There is no one-size-fits-all prescription for exercise, however there are some general guidelines for improving your orthopaedic, or musculoskeletal, health.

“It really depends on what your goals are and whether you have any other underlying ortho or other medical issues,” said Endeavor Health sports medicine specialist Hallie Labrador, MD, when asked about the best weight-bearing exercises.

“For most people, the easiest and cheapest form of regular exercise is walking, which is beneficial for cardiovascular health and calorie burning, however we tend to underestimate the importance of strength training, especially as we get older,” said Dr. Labrador.

While walking is technically weight-bearing, it’s likely not putting enough impact on your bones and muscles to provide the same kind of benefits as more high-impact activities.

Sarcopenia, the loss of muscle mass and strength over time is a real threat for our aging population, added Dr. Labrador. “Quads and glutes are the muscles that get us up out of chair as we get older,” she said.

Adding regular strength training into your exercise regimen doesn’t necessarily mean joining a gym or lifting massive weights. Dr. Labrador recommends the following activities to increase your strength and promote healthy aging.

  1. Squats

    With the caveat that you may need to modify the activity if you have knee arthritis, or other joint pain or problems, Dr. Labrador suggests doing several sets of squats two to three times a week.

    Depending on how difficult it is for you and what level of fitness you are starting from, sets can be 6-12 repetitions, and you can start with just your body weight. As you get stronger, add weight by holding dumbbells or kettle bells to help build more muscle.

    Good form is important and necessary to avoid putting extra strain on your knees. “You can put a chair behind you while squatting so you don’t go down too far,” suggested Dr. Labrador. Or you can do a wall squat with your back against the wall and a small ball between your knees to help maintain proper alignment and keep your knees from moving inward.

  2. Planks and dead bugs

    Core strength is important in all our movements, and doing a plank is a great exercise. If you don’t have enough strength to do a full plank, you can start on your knees.

    Dead bugs are another good core exercise without any strain on the shoulders, said Dr. Labrador. Lay on your back with your legs extended up and bent at a 90-degree angle, knees over hips and arms extended straight up. Extend one leg down and the opposite arm down over head at the same time, keeping your low back against the floor, bring them back to the center and switch sides.

  3. Push-ups

    Push-ups can be a challenging exercise for many older adults, but you can start on your knees or do wall push-ups standing up.

  4. Simple balance exercises

    Balance training is critical as balance typically decreases with age. “Stand on one foot while you are brushing your teeth. When that becomes easy you can progress to standing on one foot with your eyes closed,” said Dr. Labrador. To take balance exercises to the next level, stand on an uneven surface like a pillow.

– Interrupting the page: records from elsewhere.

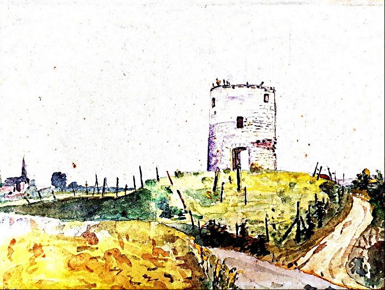 Nous arrivons en 1938, mon père François Jules Désiré Lenglet est enseignant à Merville dans la région de Lille. Il est très attaché à sa région d’origine et vient chaque année passer toutes ses vacances à Troisvilles pour retrouver sa famille et son jardin. Un jour de détente, il prend ses aquarelles et son pinceau et va croquer le Moulin de Pierres en ruine et son environnement. Ce dessin sera encadré et accroché en bonne place dans son bureau.
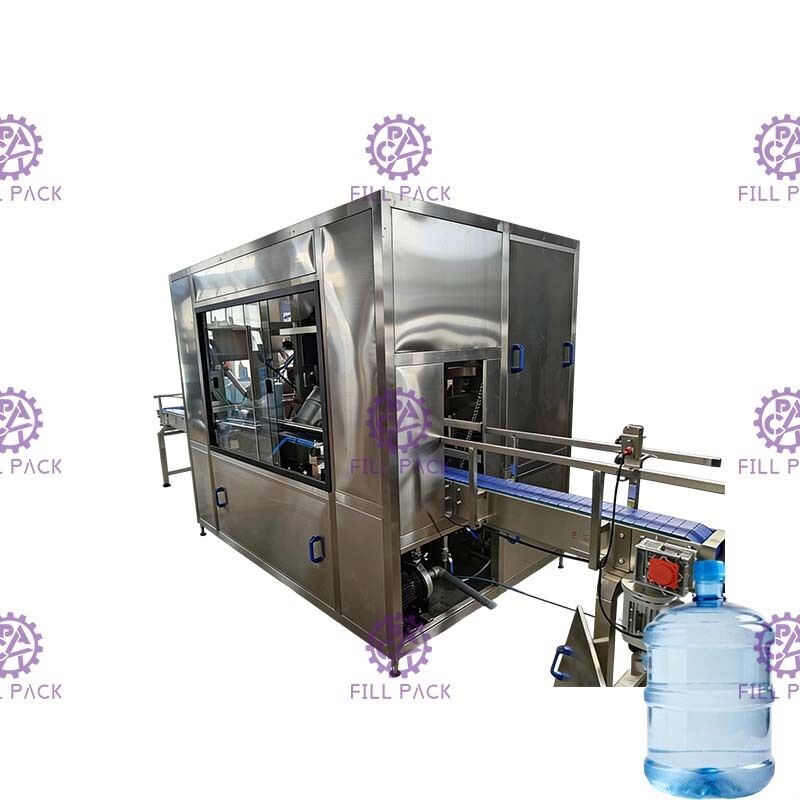 This automatic pre-wash gallon bottle inner-outer brush washing machine is designed for efficient cleaning of 18.9L / 20L 5-gallon bottles. It features rotating outer brushes and inner brushes, working together with alkaline washing solution to achieve thorough cleaning of both the inside and outside of bottles.
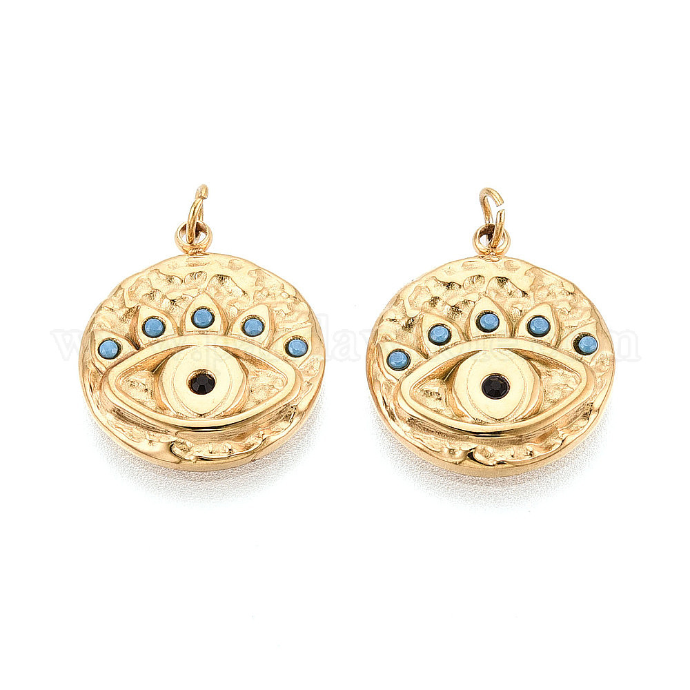 304 подвески из нержавеющей стали со стразами, плоский круглый и сглаз, с целью перехода в кольце, ионное покрытие (ip)
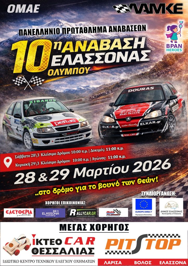 Η καρδιά του μηχανοκίνητου αθλητισμού χτυπά ξανά στην Ελασσόνα! Το προσεχές Σαββατοκύριακο, 28 και 29 Μαρτίου, η πόλη ετοιμάζεται να υποδεχθεί τη δέκατη, επετειακή διοργάνωση της εμβληματικής Ανάβασης Ελασσόνας, ενός αθλητικού θεσμού που αναμένεται να συγκεντρώσει το ενδιαφέρον χιλιάδων φίλων της ταχύτητας από όλη τη χώρα.
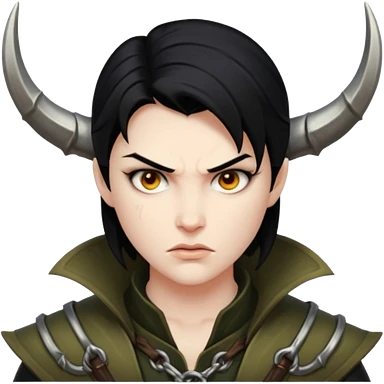 Vampire Hunter with long dark brown hair, black sequin baggy pants, shirtless with necklace emoji
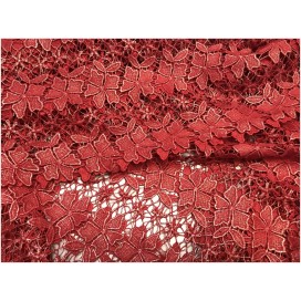 Broderie en Dentelle guipure au mètre rouge en grande largeur.
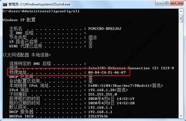 MAC地址:运行cmd,输入 ipconfig /all 获得物理地址【04D4C4F1A6A7】中间的“-”不需要;
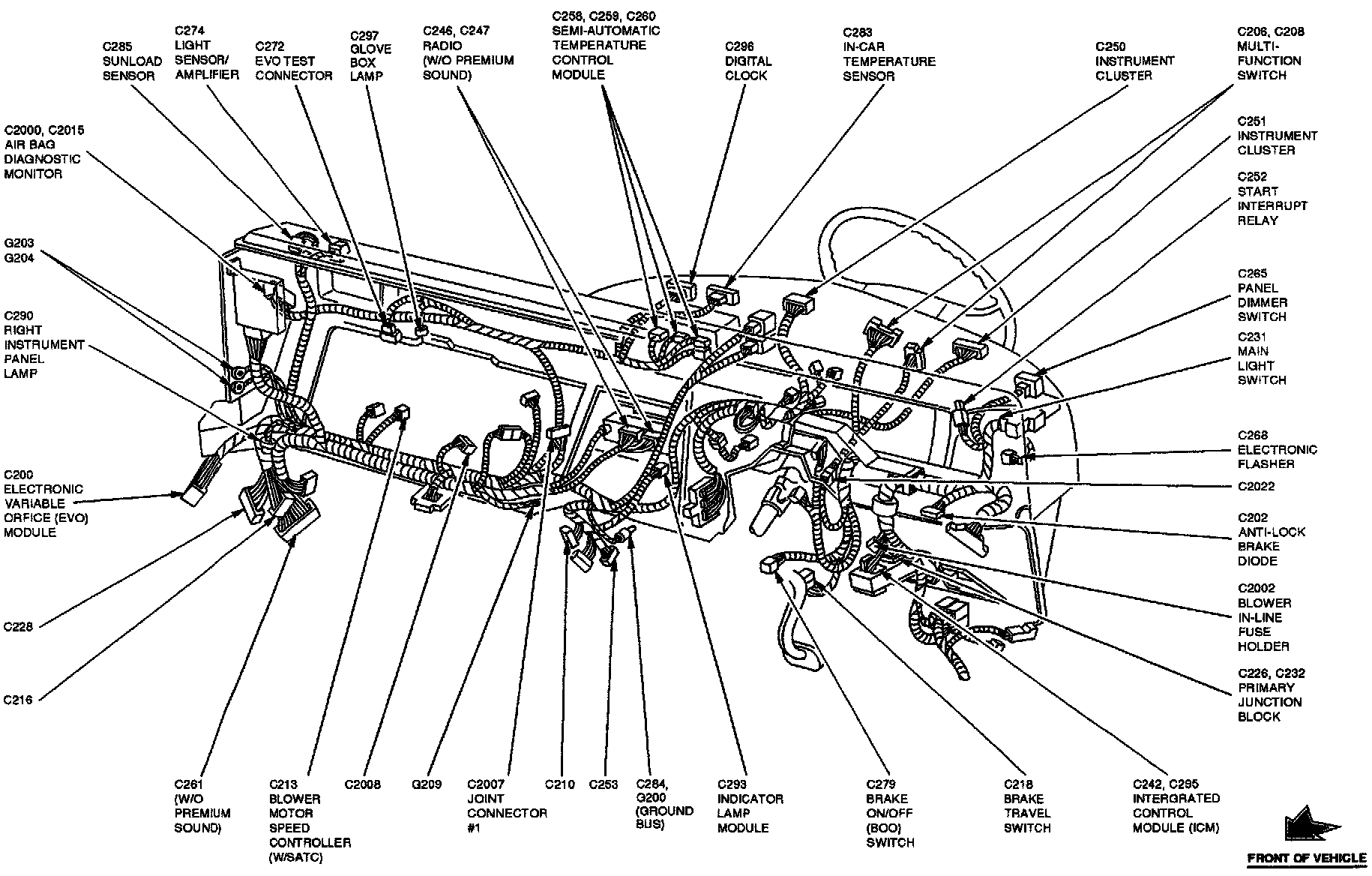 The Semi-Automatic Temperature Control Module is located at the center of the instrument panel.
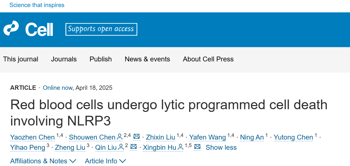 东方网记者朱雯4月20日报道:“氧气快递员”红细胞突然意外死亡,引发溶血性疾病,轻则导致疲劳、贫血,重则引发器官衰竭,原因何在?针对这一问题,华东理工大学刘琴教授团队联合空军军医大学附属西京医院胡兴斌副教授团队,揭示了一种红细胞程序性死亡的新机制。这项研究成果于4月18日登上了国际顶级期刊《Cell(细胞)》。
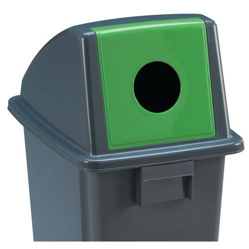 Lock till Avfallsbehållare Manutan. Gör det enkelt att källsortera avfallet i enbart avsedda avfallsbehållare. Finns i flera olika modeller: vipplock, med pappersöppning, för flaskor, för burkar samt för papper. Passar både 60- och 80-litersversionen av Avfallsbehållare, utan lock - Manutan (artikelnummer: 48768 & 48769). Sortering Garanti : 10 år

  5. Jump rope or jump from one foot to the other

    Building bone strength usually requires higher-impact and multi-directional activity, explained Dr. Labrador. Even adding one minute of jumping rope several times a week can help. Jumping side to side or up onto a curb or small step also is another good exercise for building bone strength. “We all need to work on bone strength, especially women, and the younger you start the better,” she said.